Hi

> Interesting. My best guess is that the OMPI libraries aren't being
> found, though I'm a little surprised because the error message
> indicates an inability to malloc - but it's possible the message
> isn't accurate.
> 
> One thing stands out - I see you compiled your program with "javac".
> I suspect that is the source of the trouble - you really need to use
> the Java wrapper compiler "mpijavac" so all the libs get absorbed
> and/or linked correctly.

No, I only compiled the first two programs (which don't use any MPI
methods) with javac. The MPI program "InitFinalizeMain.java" was
compiled with "mpijavac" (I use a script file and GNUmakefile).

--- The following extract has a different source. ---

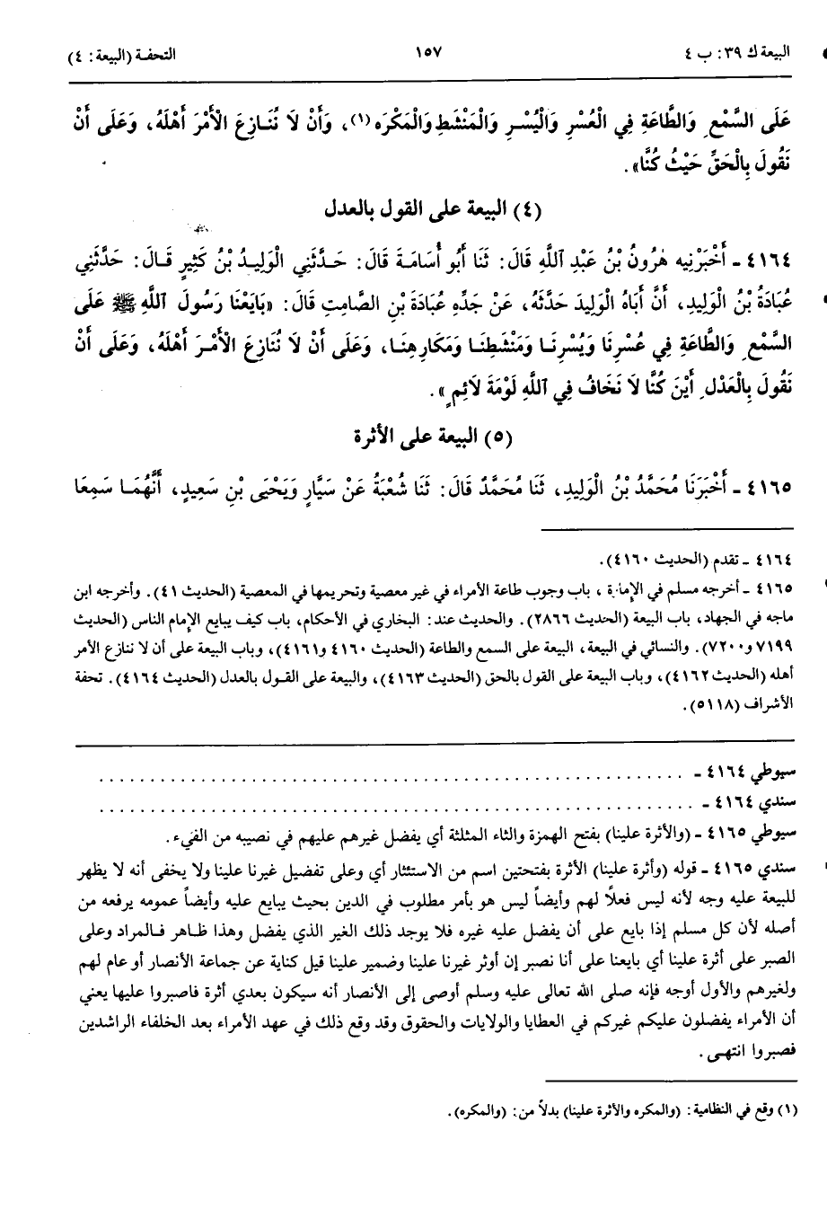الْبَيْعَةُ عَلَى الْأَثَرَةِ 4165 - أَخْبَرَنَا مُحَمَّدُ بْنُ الْوَلِيدِ قَالَ حَدَّثَنَا مُحَمَّدٌ قَالَ حَدَّثَنَا شُعْبَةُ عَنْ سَيَّارٍ وَيَحْيَى بْنِ سَعِيدٍ أَنَّهُمَا سَمِعَا عُبَادَةَ بْنَ الْوَلِيدِ يُحَدِّثُ عَنْ أَبِيهِ أَمَّا سَيَّارٌ فَقَالَ عَنْ أَبِيهِ وَأَمَّا يَحْيَى فَقَالَ عَنْ أَبِيهِ عَنْ جَدِّهِ قَالَ بَايَعْنَا رَسُولَ اللَّهِ صَلَّى اللَّهُ عَلَيْهِ وَسَلَّمَ عَلَى السَّمْعِ وَالطَّاعَةِ فِي عُسْرِنَا وَيُسْرِنَا وَمَنْشَطِنَا وَمَكْرَهِنَا وَأَثَرَةٍ عَلَيْنَا وَأَنْ لَا نُنَازِعَ الْأَمْرَ أَهْلَهُ وَأَنْ نَقُومَ بِالْحَقِّ حَيْثُمَا كَانَ لَا نَخَافُ فِي اللَّهِ لَوْمَةَ لَائِمٍ قَالَ شُعْبَةُ سَيَّارٌ لَمْ يَذْكُرْ هَذَا الْحَرْفَ حَيْثُمَا كَانَ وَذَكَرَهُ يَحْيَى قَالَ شُعْبَةُ إِنْ كُنْتُ زِدْتُ فِيهِ شَيْئًا فَهُوَ عَنْ سَيَّارٍ أَوْ عَنْ يَحْيَى

linpc1 java 102 make_classfiles
...
=========== linpc1 ===========
Warning: untrusted X11 forwarding setup failed: xauth key data not generated
Warning: No xauth data; using fake authentication data for X11 forwarding.
mpijavac -d /home/fd1026/Linux/x86_64/mpi_classfiles InitFinalizeMain.java
...


The other programs work also if I compile them with "mpijavac"

linpc1 prog 107 mpijavac MemAllocMain.java 
linpc1 prog 108 mpiexec java -cp `pwd` MemAllocMain
Type something ("quit" terminates program): dgdas
Received input:          dgdas
Converted to upper case: DGDAS
Type something ("quit" terminates program): quit
Received input:          quit
Converted to upper case: QUIT
linpc1 prog 109 


My environment should be valid as well. LD_LIBRARY_PATH contains
first the directories for 32 bit libraries and then the directories
for 64 bit libraries. I have split the long lines for the PATH
variables so that they are easier to read.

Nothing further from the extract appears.